-
Notifications
You must be signed in to change notification settings - Fork 1.2k
Description
Describe the bug
Local Mode is supposed to closely mirror the remote execution behaviour. Yet, execution ids in local mode seem to be created with uuid.uuid4()
class _LocalPipeline(object):
...
def start(self, **kwargs):
execution_id = str(uuid4())
execution = _LocalPipelineExecution(
execution_id=execution_id,
pipeline=self.pipeline,
local_session=self.local_session,
**kwargs,
)
This gives a string like 88f5746b-e64b-4c62-96bb-232a9ad513e7
instead of a 12 digit alphanumeric sequence like 2drr2511ngo3
that I get from all my online executions.

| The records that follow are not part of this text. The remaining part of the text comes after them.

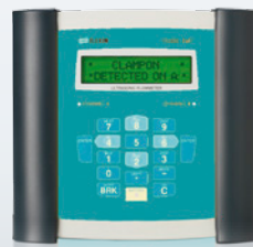
FLUXUS® G601 ST
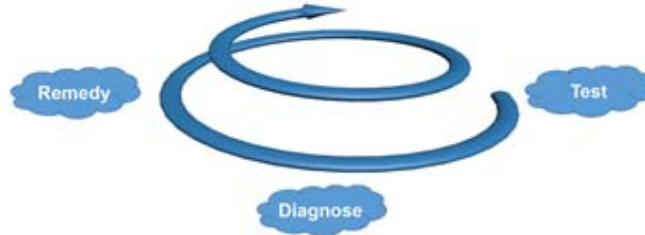
Figure 1. The continual improvement process in CSTPP

The entire learning process involved an uninterrupted cycle of Test, Diagnose, and Remedy, forming a progressive improvement learning process (as shown in Figure 1). With the CSTPP, students who exhibited a superior performance spent less time in the remedy stage, showed enhanced learning progress, and were not restricted by the progress of the rest of the class. Students who exhibited a less satisfactory performance developed their confidence and overcame the barriers to their learning by continuously addressing their subject-specific weaknesses after each cycle.
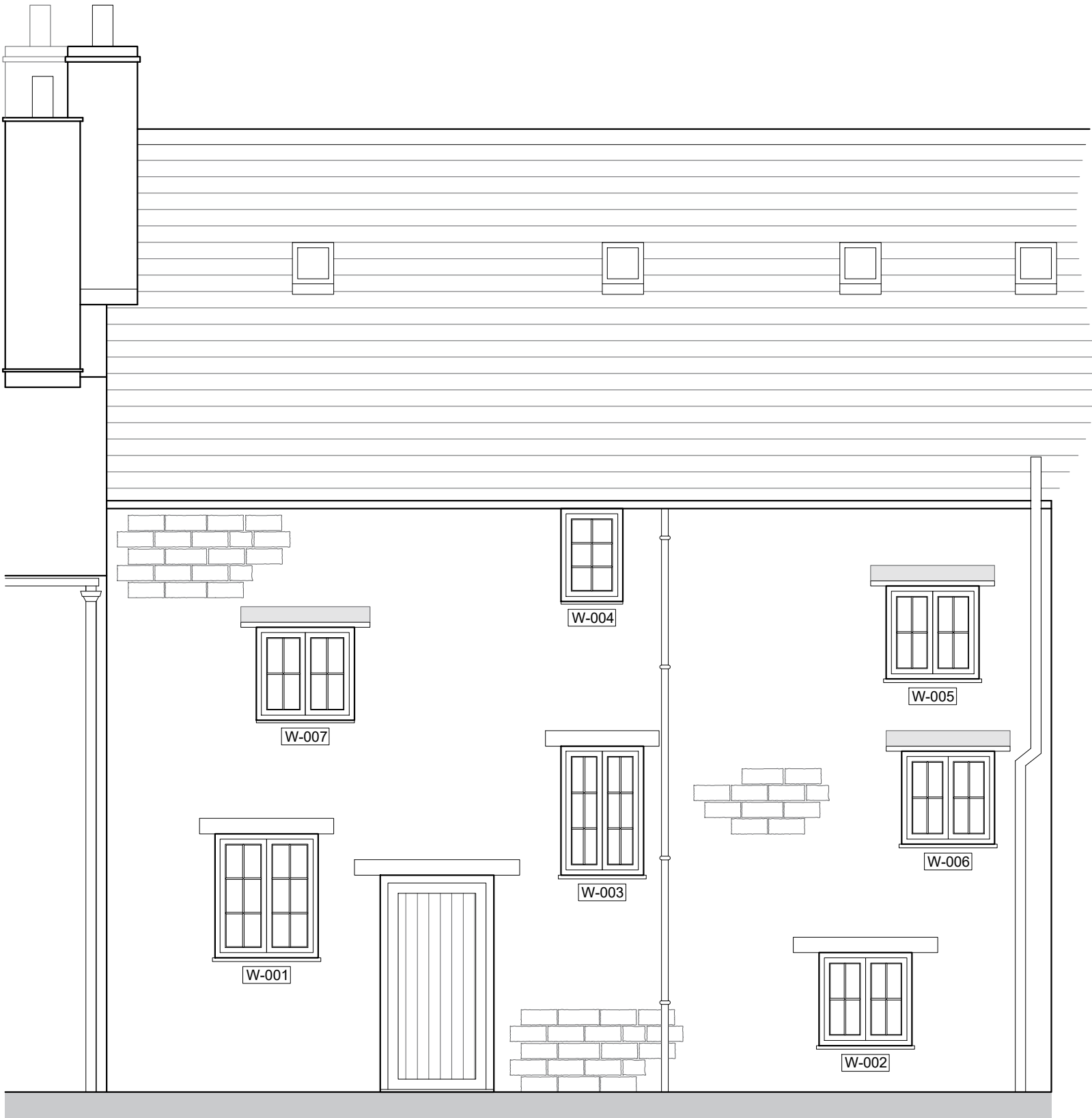
Proposed Elevation Scale 1:50
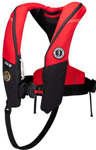
Atlas 190 DLX Pro Sensor Life Jacket named TIME Best Invention of 2024

The Atlas 190 DLX Pro Sensor Life Jacket, created by Canadian company Mustang Survival, has been awarded the prestigious TIME Best Invention of 2024 in the Outdoor category. Developed for offshore sailing, cruising, and boating, the Atlas 190 DLX combines unparalleled comfort with cutting edge safety features, including a re-engineered bladder for superior turning performance... Read More
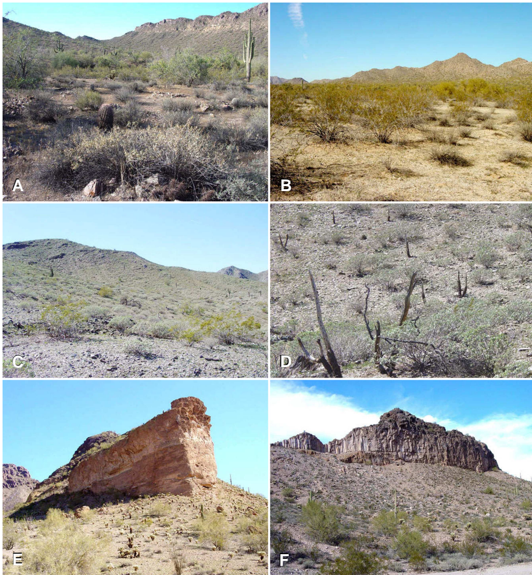
Vascular Flora of San Tan Mountains Figure 3. (A) Cobble clusters (rock pile fields) scattered along the ground are considered a typical feature of Hohokam agricultural sites - chollas, yuccas or agaves are thought to have been cultivated there; (B) The low alluvial fans south of Goldmine Mountain have areas dominated by Creosote Bush ( Larrea tridentata ) and Triangle-Leaf Bursage ( Ambrosia deltoidea ); (C) North-facing hillside slopes, burned in 1994, are now colonized almost exclusively by Brittlebush ( Encelia farinosa ); (D) Charred stumps of cacti, trees, and shrubs give an indication of pre-fire vegetation; (E-F) Dramatic, sheer walls of the Malpais Hills.
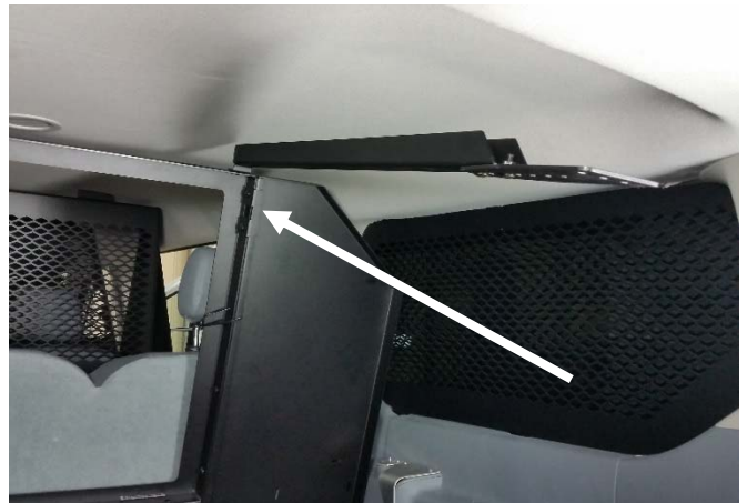
Reattach side panels to center section with 1/4" x 3/4" carriage bolts and nuts. Be sure to also reattach slide bolt reinforcement brackets.
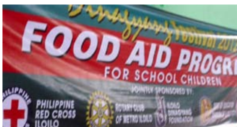
RC Metro Iloilo: Dinagyang Festival 2012 Food Aid Program for School Children, Iloilo City.
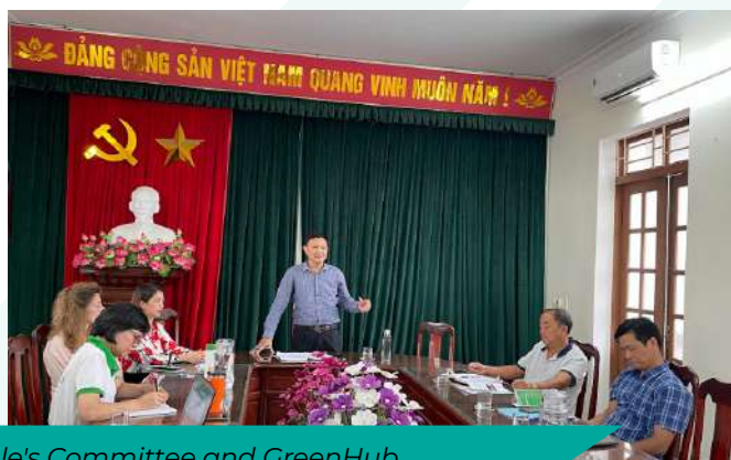
Meeting between DSCS, Lam Dong Commune People's Committee and GreenHub to develop plan and agree on project components in August 2023.
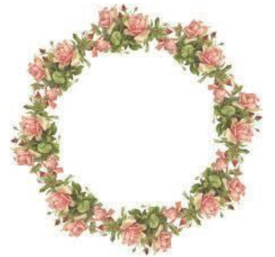
A bouquet of flowers
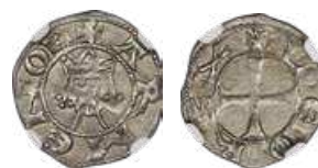
31014 Cilician Armeria. Levon I (1198-1219) Denier ND (c. 1208) XF Details (Environmental Damage) NGC, Sis mint, CCS-134, Bed-12. 0.86gm. + ARMENOR, crowned head facing / +LEO REX, cross pattée. An extremely rare Armenian issue, of a particular type supposedly absent from the auction record for two decades. Clearly struck in concordance with the Antiochene rather than the Armenian standard, it has been supposed that this type was produced by Levon in anticipation of his capture of Antioch, at which he had nearly succeeded in 1203. Very bold and precise for this series, with a strong portrait of Levon and only mild ghosting of the reverse cross; surfaces of a uniform matte gunmetal color with evidence of lightly altered surfaces, yet still bearing sharp die-polish lines. Starting Bid: $750
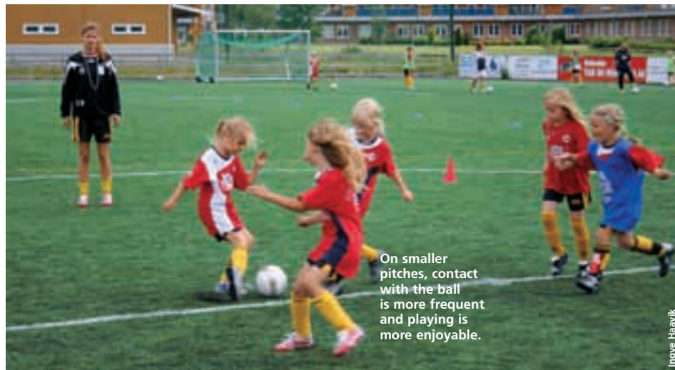
On smaller pitches, contact with the ball is more frequent and playing is more enjoyable.

The NFF offers various courses for grassroots football coaches so that children both can have fun and improve their game. But given that there will always be coaches who do not attend courses, the articles on the homepage give coaches simple guidelines on how to organise training sessions. One of the main objectives has been to provide the coaches with tools for training big groups. To improve the children's football skills, they have to have as much contact with the ball as possible. A key way of achieving this is to divide the training ground into several small pitches for small-sided games which are both fun and instructive at the same time. ■
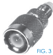
FIG. 3 RFE-6155

This leads to problems downstream, e.g. where I build some variable I pass to other AWS services that have a length restriction (typically 63 characters) and I get an error in local mode because my variable (e.g. a SageMaker unversioned Model Name) exceeds the character restriction, while in remote execution, the problem does not appear.
More generally, the id just looks different and is much longer, which is inconsistent.
To reproduce
The below code works partially if you have a python:3.13
image available. It will fail before completion, but here's the head of the logs (which is sufficient to show my problem):
2025-09-10 07:27:45,244 sagemaker.remote_function INFO Uploading serialized function code to s3://sagemaker-eu-central-1-982361546614/minimal-step-decorator-local/NoopStep/2025-09-10-07-27-44-120/function
2025-09-10 07:27:45,370 sagemaker.remote_function INFO Uploading serialized function arguments to s3://sagemaker-eu-central-1-982361546614/minimal-step-decorator-local/NoopStep/2025-09-10-07-27-44-120/arguments
WARNING:sagemaker.workflow.utilities:Popping out 'TrainingJobName' from the pipeline definition by default since it will be overridden at pipeline execution time. Please utilize the PipelineDefinitionConfig to persist this field in the pipeline definition if desired.
INFO:sagemaker.local.entities:Starting execution for pipeline minimal-step-decorator-local. Execution ID is 6c61cb71-f1eb-4e33-bfed-7509da4c7e32
# logs cut off here
You see INFO:sagemaker.local.entities:Starting execution for pipeline minimal-step-decorator-local. Execution ID is 6c61cb71-f1eb-4e33-bfed-7509da4c7e32
, which shows the demonstrated structure. Here's the code that produces the above log excerpt.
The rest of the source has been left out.